Synopsys' AI-Assisted EDA Tools Aim To Cut GPU Design Costs in Half
Synopsys' AI-assisted EDA tools can cut chip design time from 24 months to 24 weeks.
At Hot Chips 2021, Synopsys announced an ambitious plan to develop a fully integrated set of electronic design automation (EDA) tools that rely on artificial intelligence. These tools promise to cut chip development costs, reduce time to market, improve performance, and boost yields. Samsung has already received its first chip designed using AI-assisted EDA tools and found that it performs better than expected while consuming less power.
Optimizing Physical Layout
Physical design of modern chips is an expensive and difficult process, and as fabrication technologies get thinner, IC design costs are escalating. Nowadays it takes years to develop a new CPU or GPU architecture and then it may easily take about 24 months or more to design physical implementation of the chip. At 3nm design cost of a sophisticated GPU will approach $1.5 billion, according to some analysts, a sum that not all companies can afford. But there is a way to cut these costs by as much as 50% and development time by orders of magnitude using AI-enabled design tools, says Synopsys.
Modern EDA tools greatly simplify development of chips, but chip floorplan, layout, placement, and routing require input from human engineers that use their experience to develop efficient designs. Every small aspect of a chip design requires people to evaluate different design options and make multiple decisions. While experienced engineers tend to work fast, they cannot evaluate hundreds of design options in a reasonable amount of time, explore viability of all possible combinations and then simulate tens if not hundreds of different layouts to find the most optimal one. By contrast, the Synopsys DSO.ai platform can do just that with one noticeable exception: it does not have to simulate all the 10^90,000 possible ways to place and route an IC as it can figure out the best one using artificial intelligence.
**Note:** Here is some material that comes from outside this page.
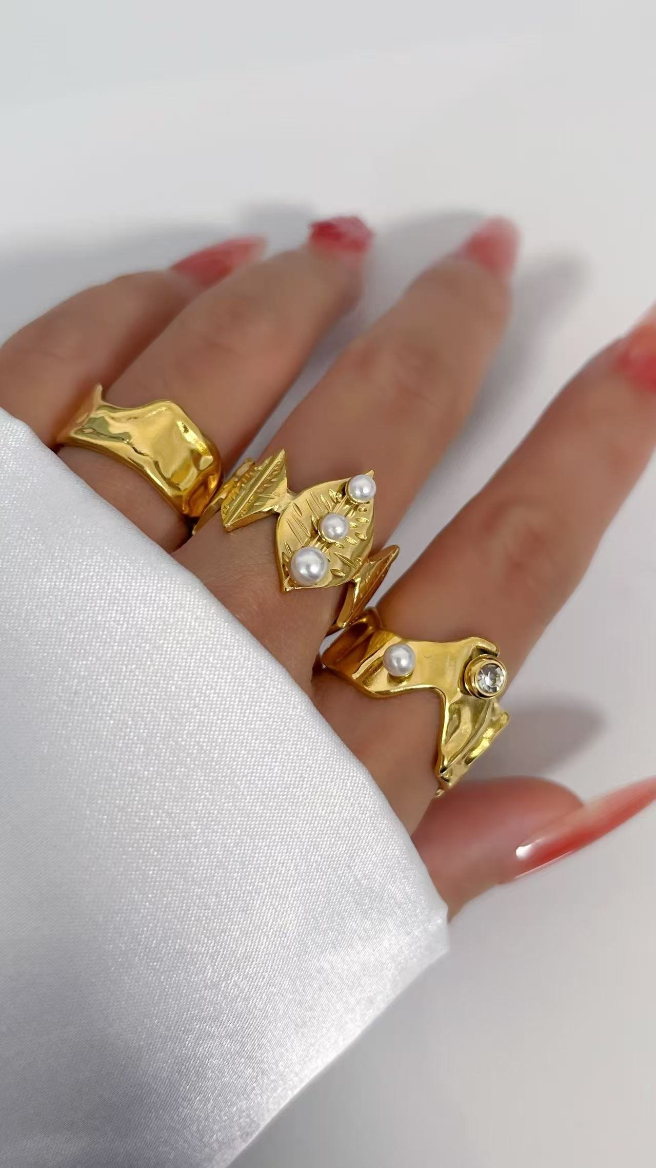 Botanical leaf crown ring with pearls in 18k gold. Statement sculptural design, adjustable fit, tarnish-free. Royal nature jewelry. Shop now!

Synopsys' DSO.ai is compatible with the company's EDA tools and promises to optimize all PPA (performance, power, area) aspects of chip design in time that is impossible for human engineers today. For example, a test chip designed by Synopsys using AI-assisted software achieved a 26% power reduction when compared to the same chip designed by a human engineer and it only took the machine a fraction of time. To get there, Synopsys DSO.ai optimized geometry, architectural choice points and associated physical layouts, and behaviour of the chip.
Synopsys' DSO.ai algorithms are compatible with all process technologies, so their value will increase over time when complexities of IC design increase. Synopsys says that chip design (place and route) time can potentially decrease to 24 weeks from 24 months today because of AI usage.
Samsung was the first company to adopt the Synopsys DSO.ai platform for chip design and has already received its working IC from the fab. Google and Nvidia have also picked up DSO.ai, so expect these companies to speed up development of their chips and lower their design costs.
New Approach
Yet physical (layout) design and floorplanning are not the only chip development steps that can take advantage of AI-assisted tools. To build an IC, developers must design architecture, structure, floorplan, and layout. Normally, creators use the so-called waterfall semiconductor design approach and develop each step separately.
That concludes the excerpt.